Start of Material provided

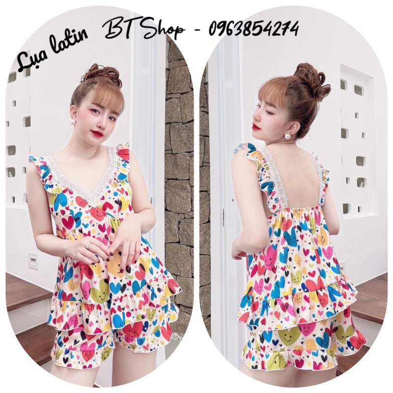 Giới thiệu Đồ ngủ mặc nhà lụa latin bèo đùi hoạ tiết freesize 42-57kg
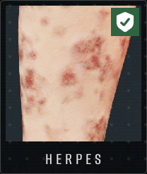 疱疹(绿色症状,必须在实验室中解锁)表现为由不规则形状的小斑点组成的皮疹,通常为棕色或红色,且没有丘疹。
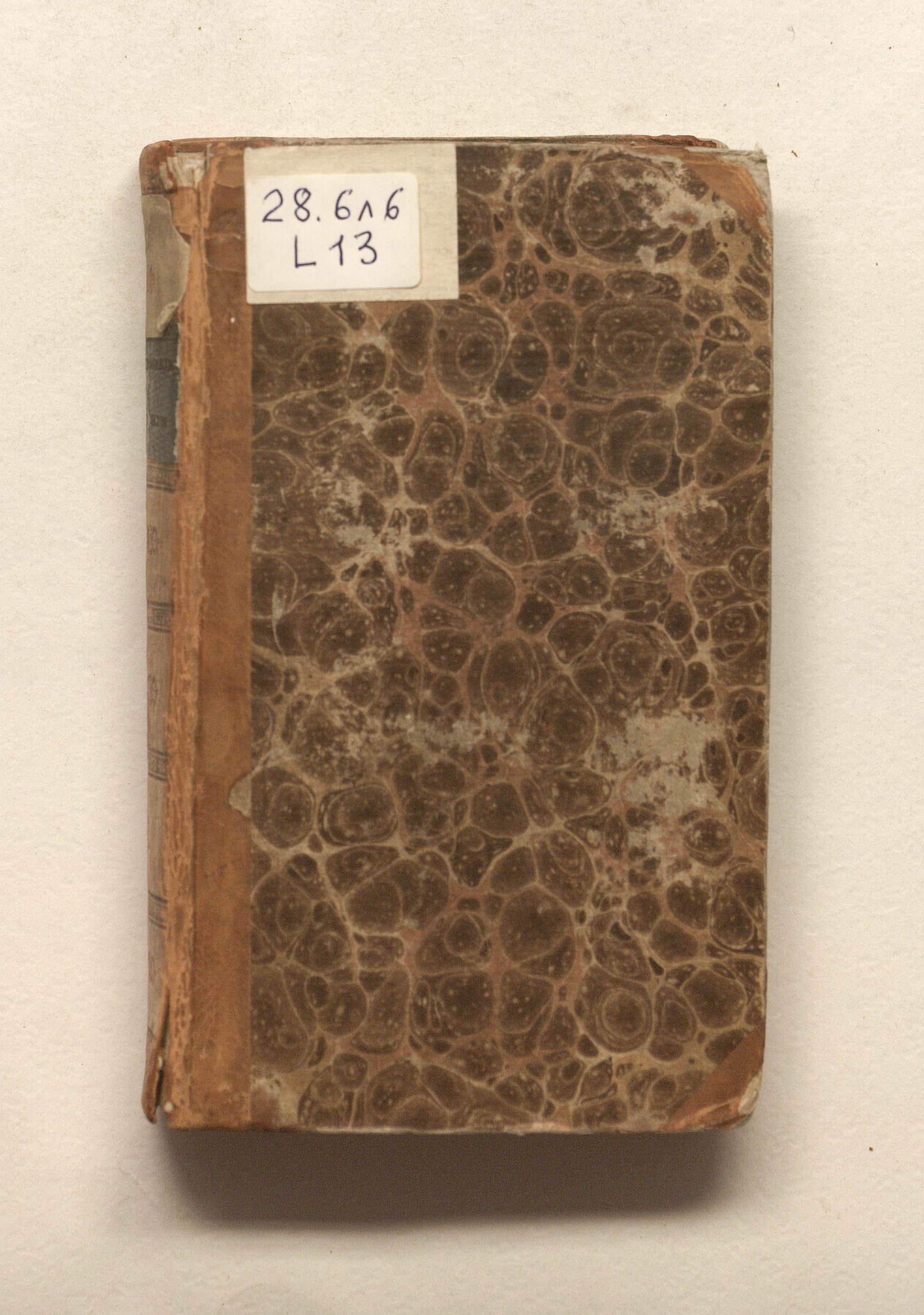 Книга в полукожаном владельческом переплете. На титульном листе надпись орешковыми чернилами: "Из библиотеки Выйского училища. №1901".

End of Material provided

In the copy you write, the data above must appear exactly, with no pictures.

 Giới thiệu Đồ ngủ mặc nhà lụa latin bèo đùi hoạ tiết freesize 42-57kg
 疱疹(绿色症状,必须在实验室中解锁)表现为由不规则形状的小斑点组成的皮疹,通常为棕色或红色,且没有丘疹。
 Книга в полукожаном владельческом переплете. На титульном листе надпись орешковыми чернилами: "Из библиотеки Выйского училища. №1901".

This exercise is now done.